O ambiente vivido pelos repatriados nestas famílias é quase sempre acompanhado de violência (física e psicológica) ao longo do seu

crescimento.

Esta violência, que os acompanhou desde a infância e

adolescência, mostra as frustrações dos respectivos membros da familia. Estas frustrações, sentidas pelos pais, reflectem-se na forma de

educação dada aos filhos, influenciando estes, nas suas trajectórias sociais individuais. Para o repatriado, existe uma dualidade de influências: por um lado, os pais, com valores sociais, morais e culturais,

consequência da socialização adquirida no país de origem; por outro, o repatriado que foi socializado no país de acolhimento, onde esses valores são completamente diferentes dos dos seus pais. Logo, a existência de conflitos entre as duas gerações é evidente e o afastamento entre estes vai aumentando à medida que os filhos vão crescendo, porque o tipo de socialização dos pais, pouco ou nada lhes diz.

A distância cultural existente entre estas duas populações, enquadradas por uma relação assimétrica, é responsável pela destruturação familiar. A transmissão cultural precária entre pais e filhos, a condição social e o ambiente de um país diferente também contribuiram para uma distorção grave no desenvolvimento social dos repatriados.

5.3.3. A escola

A escola, além de ser um agente socializador de extrema

importância, aparece para estes indivíduos como sendo um espaço novo, que lhes permite um alargar de horizontes, outras realidades que

dos contextos sociais de onde vêm. A escola ajuda a moldar valores, aspirações e a identidade do jovem que a frequenta.

Sendo um espaço formal para a transmissão de conhecimento e de padrões e valores recomendados, subordinados a uma lógica autoritária formal e disciplinar, as funções da escola como espaço social na infância e adolescência, ganha importância com o tempo que ocupa na vida diária, ( Almeida et al, 1994).

A trajectória do repatriado na escola dura pouco tempo. Por um lado, as suas famílias atípicas e com baixa formação e educação, que não possuem um estilo de educação definido, vêem a escola apenas como o lugar onde se aprende a ler, a escrever e a fazer contas, o básico para se poder entrar no mercado do trabalho.

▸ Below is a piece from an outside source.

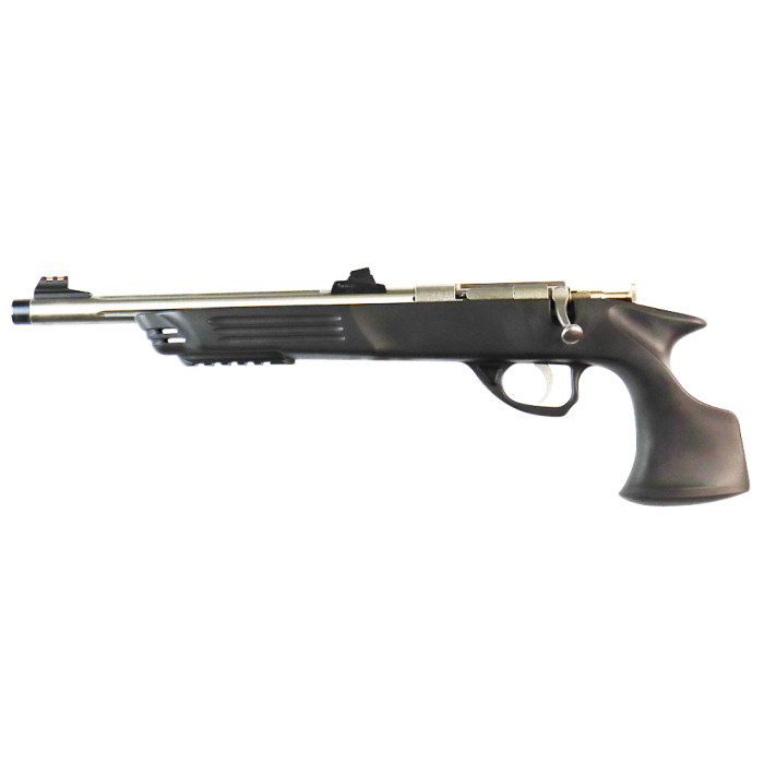 The Crickett Adult Pistol features a black synthetic stock and grips, providing a comfortable and secure hold during use. With an overall length of 17.50", this pistol is compact yet substantial, offering a balanced feel that enhances maneuverability. The synthetic stock material ensures durability and resistance to wear, making it a long-lasting addition to any firearm collection. Whether for recreational shooting or honing marksmanship skills, the Crickett Adult Pistol delivers reliable performance and precision in a well-crafted package.

Por outro lado, o repatriado não tem nenhum ou muito pouco apoio para continuar na escola, e a comunicação entre os pais e filhos é quase nula no que diz respeito à escola, pois os pais também, muitos deles, só têm a instrução básica ou primária, o que leva muitos a abandonarem a escola.

“... até gostava de ter continuado, mas meu pai queria que fosse trabalhar

(...) era preciso...” (B 3).

“... eu não me dava na escola, nunca me dei (...) depois começámos na

droga (...) nunca mais apareci lá...” (B 5).

“... estava sempre a ser expulso da escola, nunca me interessou (...) eu

queria era ganhar dinheiro!...” (C 2).

Em relação à nossa amostra, constata-se que as habilitações escolares são, de uma maneira geral, baixas. Uma vez que muitos

estudaram nos países para onde emigraram e sendo a denominação dos anos diferente relativamente a Portugal, optou-se por usar a terminologia

portuguesa. Para o ensino básico: 1ª Classe; 2ª Classe; 3ª Classe; 4ª Classe, seguindo os anos de escolaridade até ao 12º ano.